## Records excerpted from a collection
'''
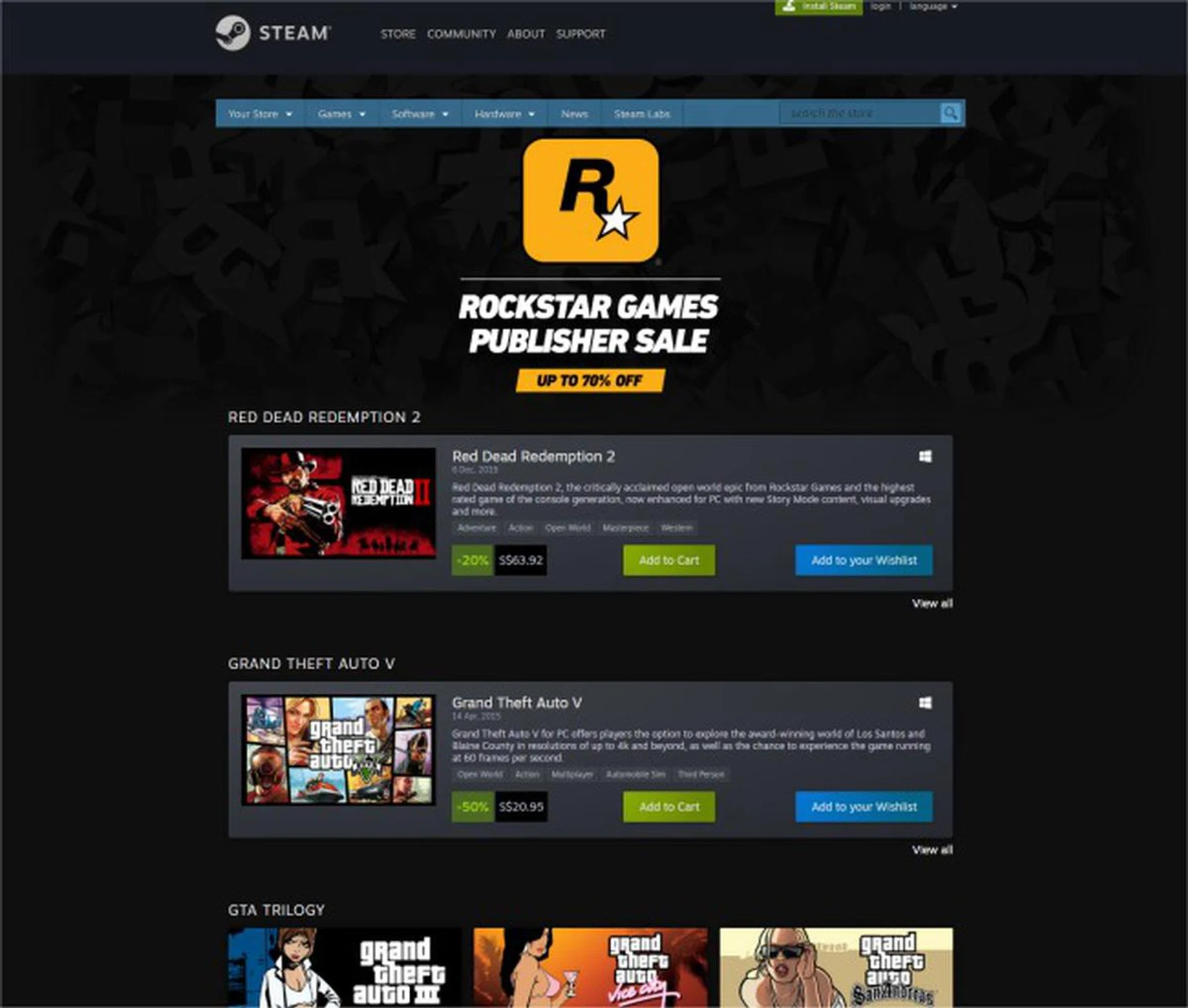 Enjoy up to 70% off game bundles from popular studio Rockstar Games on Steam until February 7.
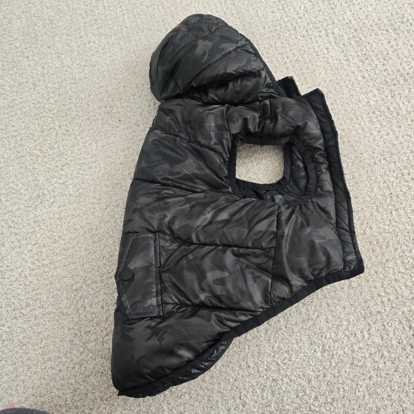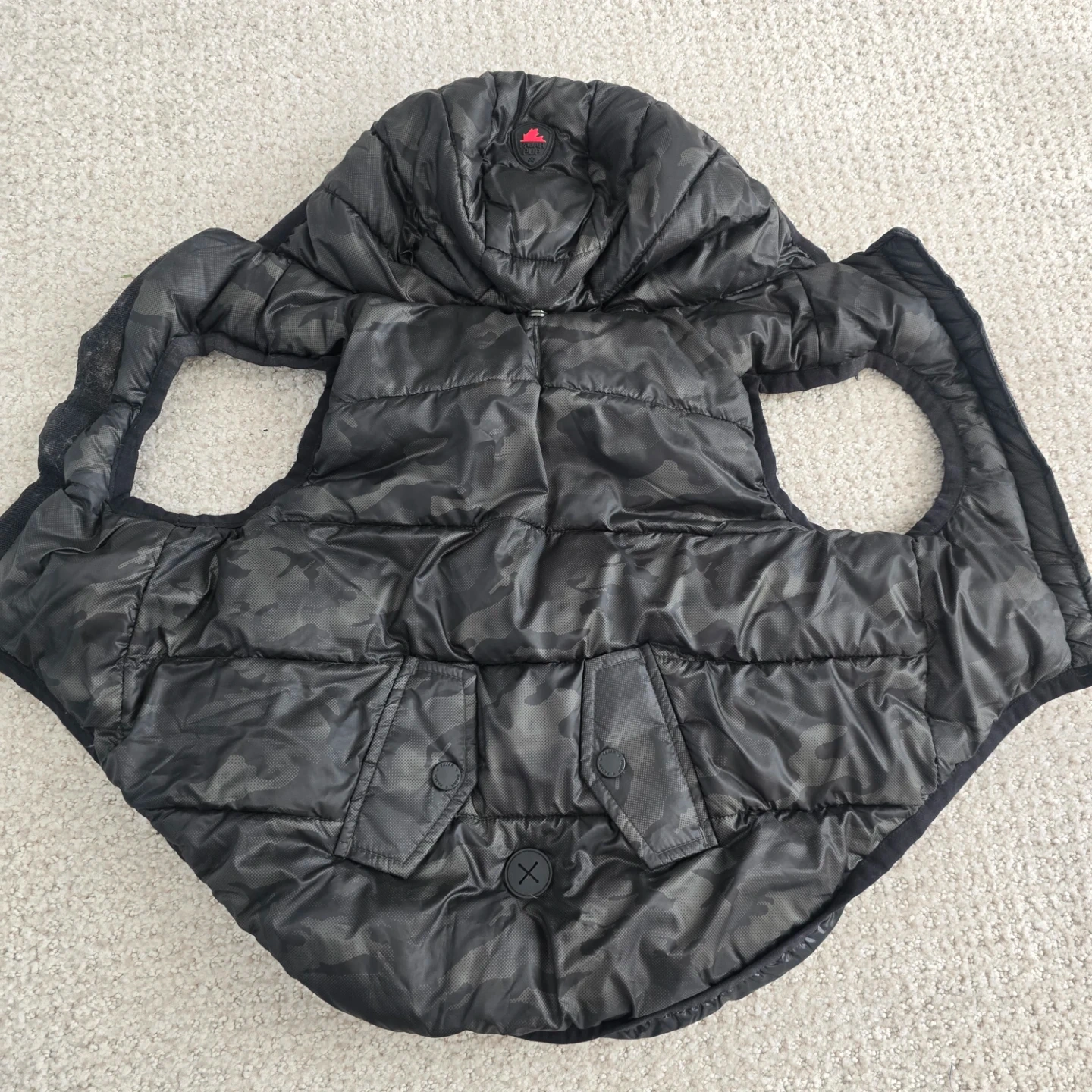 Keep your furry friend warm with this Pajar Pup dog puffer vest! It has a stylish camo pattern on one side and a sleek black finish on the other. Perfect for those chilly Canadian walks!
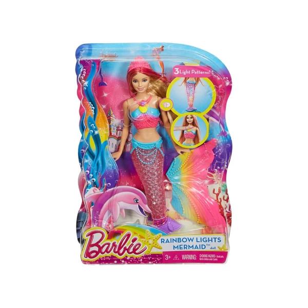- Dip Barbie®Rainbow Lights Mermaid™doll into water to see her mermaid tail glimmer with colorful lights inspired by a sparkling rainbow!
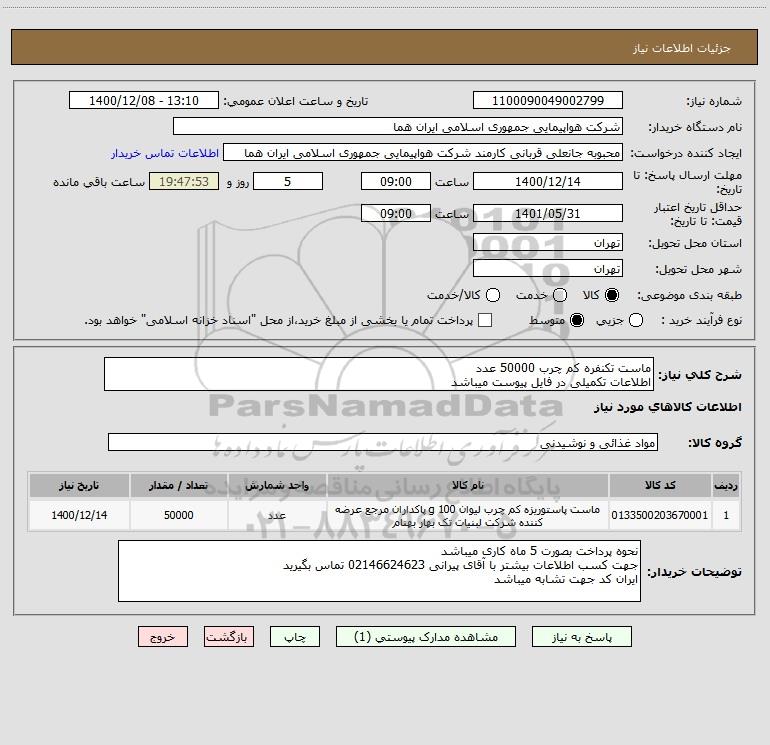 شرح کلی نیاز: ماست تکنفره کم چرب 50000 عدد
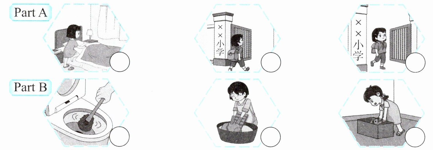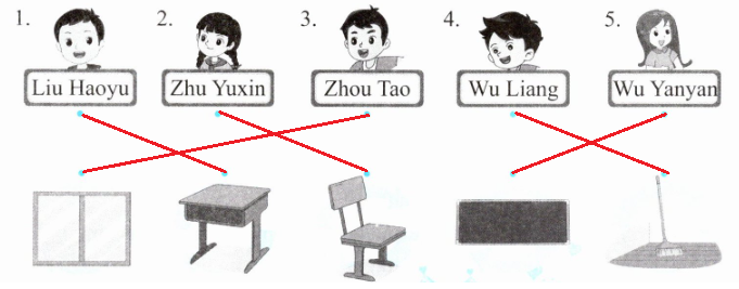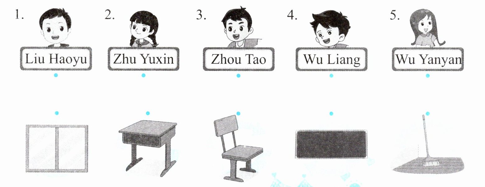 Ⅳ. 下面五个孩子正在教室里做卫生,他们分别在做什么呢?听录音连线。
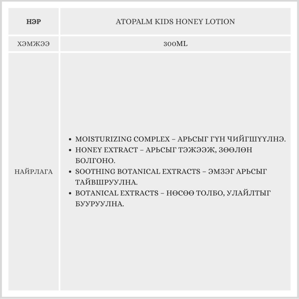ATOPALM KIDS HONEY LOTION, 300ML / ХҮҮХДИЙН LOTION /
'''
## Assignment
Pictures stay out. Print the data exactly, from its first line through the line containing "Keep your furry".

## Solution for this problem
 Enjoy up to 70% off game bundles from popular studio Rockstar Games on Steam until February 7.
 Keep your furry friend warm with this Pajar Pup dog puffer vest! It has a stylish camo pattern on one side and a sleek black finish on the other. Perfect for those chilly Canadian walks!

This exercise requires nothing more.